Eligible studies analyzing the association between MTHFR 677C>T and breast cancer were retrieved by searching PubMed, Google Scholar, Scopus, and Web of Science databases. The keywords used for retrieval were “breast cancer,” “breast carcinoma,” “breast neoplasms” in combination with “MTHFR,” “methylenetetrahydrofolatereductase,” “C677T,” “Ala222Val,” “rs1801133.” The references of retrieved studies were also searched to identify relevant studies.
Inclusion and exclusion criteria
The inclusion criteria for eligible studies were as follows: (1) case–control studies published in peer-reviewed journal, (2) investigating the association of MTHFR C677T polymorphism with breast cancer, (3) genotype data of cases and controls were complete, (4) genotype distribution of control must comply with the HWE, and (5) studies published only in English. The exclusion criteria were as follows: (1) studies with overlapped data, (2) no detailed information of genotype data, (3) meta-analysis and reviews, and (4) genotypic data not in HWE.
First author's name, year of publication, country, ethnicity, sample size, and genotypic and allelic frequencies were extracted from each study. Different ethnicities were categorized as Asians, Caucasians, and Africans. Studies with multiple ethnicities were categorized as mixed.

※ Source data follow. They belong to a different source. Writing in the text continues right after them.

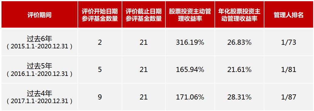 注:排名数据来自银河证券2021.1.1发布的《公募基金管理人长期主动股票投资管理能力榜单》。参评基金包括:1、股票投资下限大于等于80%,业绩比较基准中的股票指数是主流指数而非行业股票指数。2、股票投资下限大于等于60%,业绩比较基准中的股票指数是主流指数而非行业股票指数。3、股票投资下限没有80%或者60%的规定,但业绩比较基准的股票比例值大于等于60%,业绩比较基准中的股票指数是主流指数而非行业股票指数。4、历史上的54只老封闭式基金与几只创新封闭式基金,虽然按照新的股票基金标准不能划分为股票基金,但传统上这批封闭式基金是视为股票方向基金来对待的。
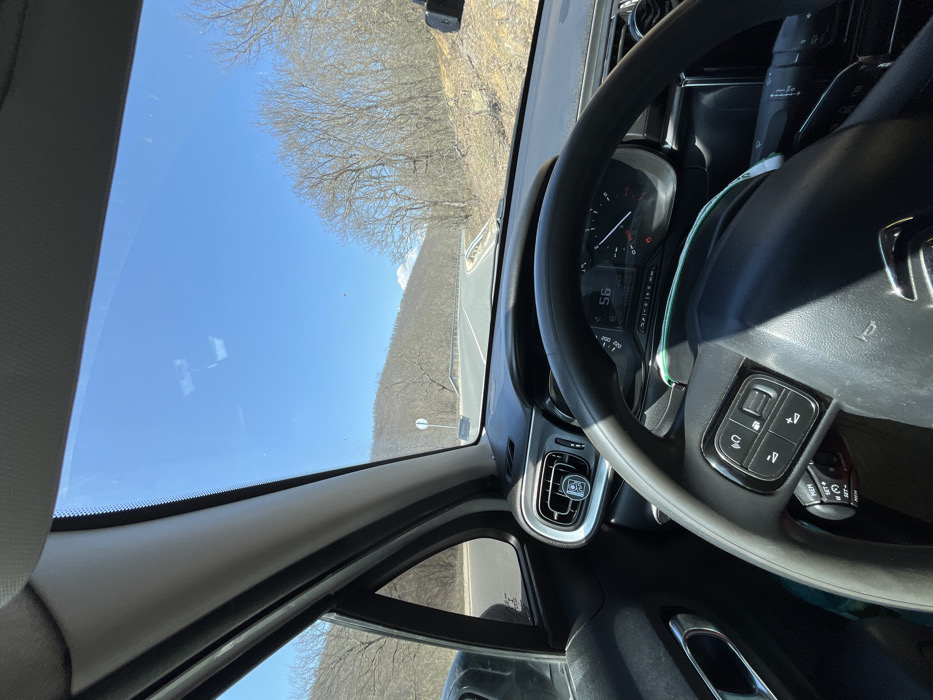 The image presents a forward-facing view from inside a vehicle, likely a Citroën, traveling on an asphalt road in a rural, hilly area. The location is specified as Shivarovo, Bulgaria. The interior of the vehicle occupies the lower half of the frame, showcasing the top portion of a dark-colored steering wheel with integrated control buttons on its left spoke. Behind the steering wheel, the instrument cluster is partially visible, displaying the number "56," presumed to be the vehicle's speed, along with several illuminated indicator lights. An air vent on the far left of the dashboard features a circular air freshener attached. Minor reflections are present on the windshield and dashboard. The exterior view, visible through the windshield, shows a two-lane asphalt road curving to the right in the mid-distance. A metal guardrail runs along the right edge of the road. On the left side of the road, a circular white road sign with a red border is visible. The surrounding landscape consists of rolling hills covered with bare deciduous trees, indicating a season devoid of full foliage, possibly late winter or early spring. A distant, lighter-colored peak or patch is discernible on the horizon to the right of the road. The sky above is clear and blue. No individuals are present in the observable scene.
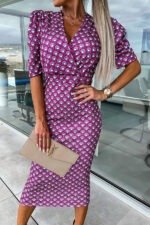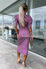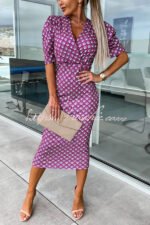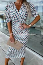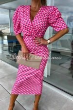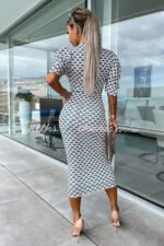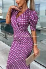 Late Night Gala Satin Printed Puff Sleeve Midi Dress
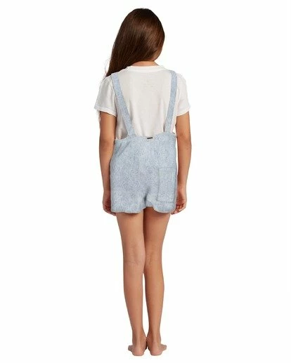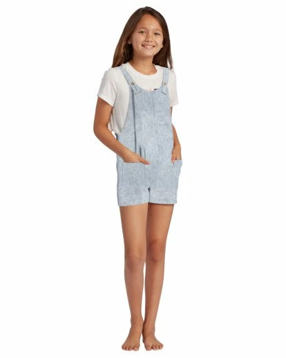 Overalls with a surf-tumbled print, the Billabong Hello Surf Romper looks just as wave-washed when worn over a bikini as when tossed over a crisp tee. An easy, relaxed fit girl’s romper features overall styling with wide, adjustable straps that button at the front bib.
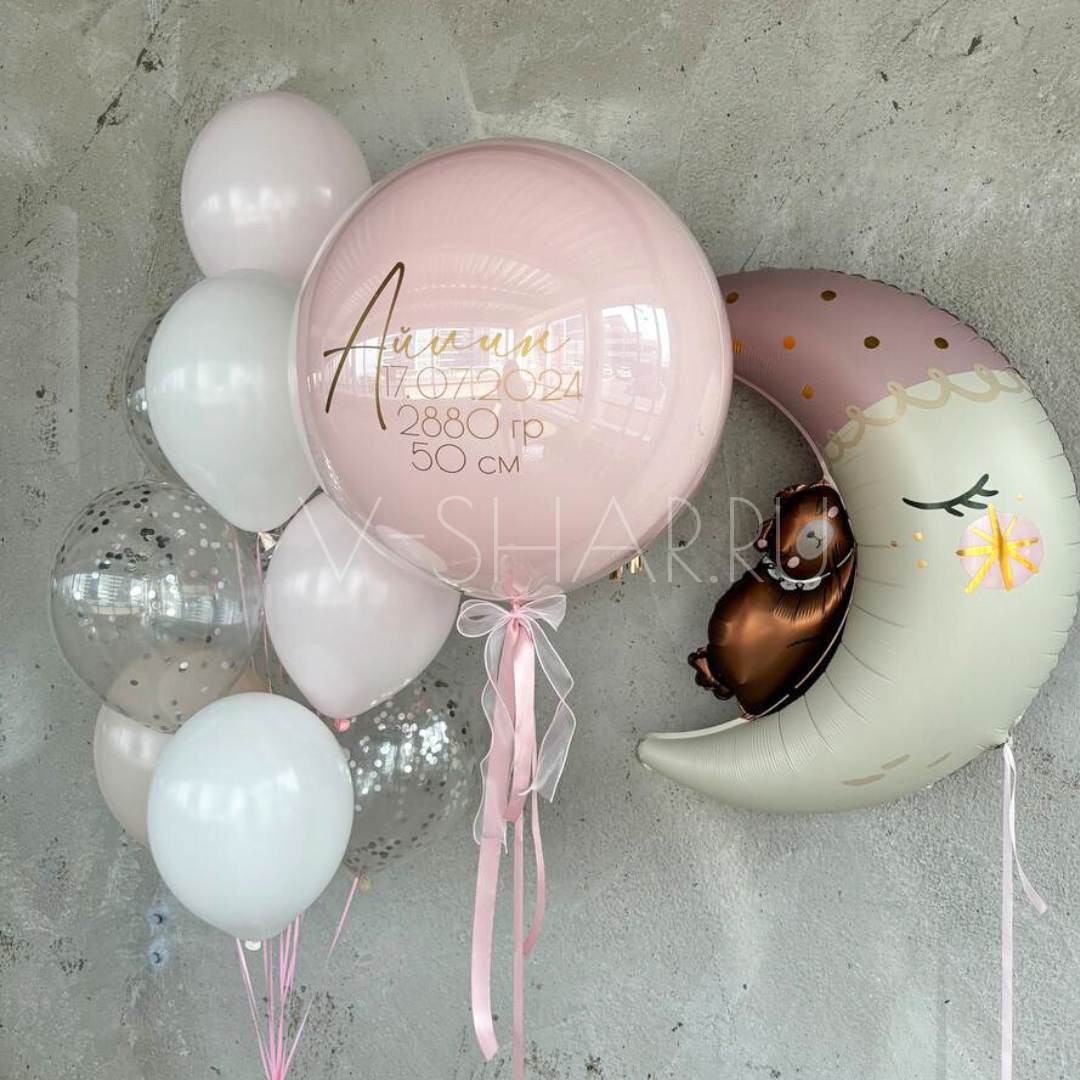 - "стеклянный" шар (прозрачный баблс An, внутри латексный шар розовый макарунс S 24"/60 см)
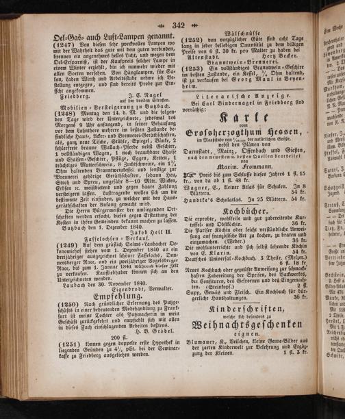 Empfehlung. (1250) Nach gründlicher Erlernung des Putzge⸗ ſchäfts in einer bedeutenden Modehandlung zu Frank⸗ furt iſt meine Tochter als Putzmacherin in mein Geſchäft zurückgekehrt und empfiehlt ſich mit allen in dieſes Fach einſchlagenden Arbeiten beßtens. H. B. Grödel. 200 fl

Chi-square test between observed and expected genotypic distribution was used to check the Hardy–Weinberg distribution in control samples only. Odds ratios with 95% confidence interval were used to evaluate association between MTHFR 677C>T and breast cancer risk. P ≤ 0.05 was considered statistically significant. Five genetic models: homozygote model (TT vs. CC), heterozygote model (CT vs. CC), dominant model (CT + TT vs. CC), recessive model (TT vs. CT + CC), and allele model (T vs. C) were used to evaluate association between MTHFR 677C>T polymorphism and breast cancer in overall and subgroup analysis. Subgroup analysis was conducted on the basis of ethnicity and source of controls. Cochran's Chi-square–based Q-statistic was used to assess the heterogeneity among studies, and quantification of heterogeneity was assessed by I2 test (I2 ranges from 0% to 100%, with higher value representing the higher heterogeneity). Random effect model was used, to incorporate the between studies' heterogeneity in calculation, if P < 0.05 or I2 >50%; otherwise, fixed effect model was used for meta-analysis., Estimation of potential publication bias was carried out by funnel plot, Begg's, and Egger's test., The Package “Meta: An R package of meta-analysis” in R Studio version 1.1.463, RStudio PBC, 250 Northern Ave, Boston, MA 02210, USA was used to conduct meta-analysis of all related studies.
| > Results|| |
In case–control study, 247 breast cancer patients (243 females, 4 males) and 247 age-, gender-, and habitat-matched healthy controls were screened. 60 (24.3%) subjects belonged to urban area and 184 (74.5%) belonged to rural area while 3 (1.2%) subjects were from suburban area in both cases and controls. Mean age (in years) of the cases and controls was 46.79 ± 11.54 and 46.39 ± 13.23, respectively. For cases and controls, the mean BMI (kg/m2) was 25.71 ± 5.33 and 26.41 ± 4.57 while the mean Waist Hip Ratio (WHR) was 0.96 ± 0.07 and 0.96 ± 0.06, respectively. In cases, 139 subjects were vegetarian and 104 were nonvegetarian, while in controls, 142 subjects were vegetarian and 101 were nonvegetarian. There was no significant difference in age, BMI, WHR, and diet between cases and controls.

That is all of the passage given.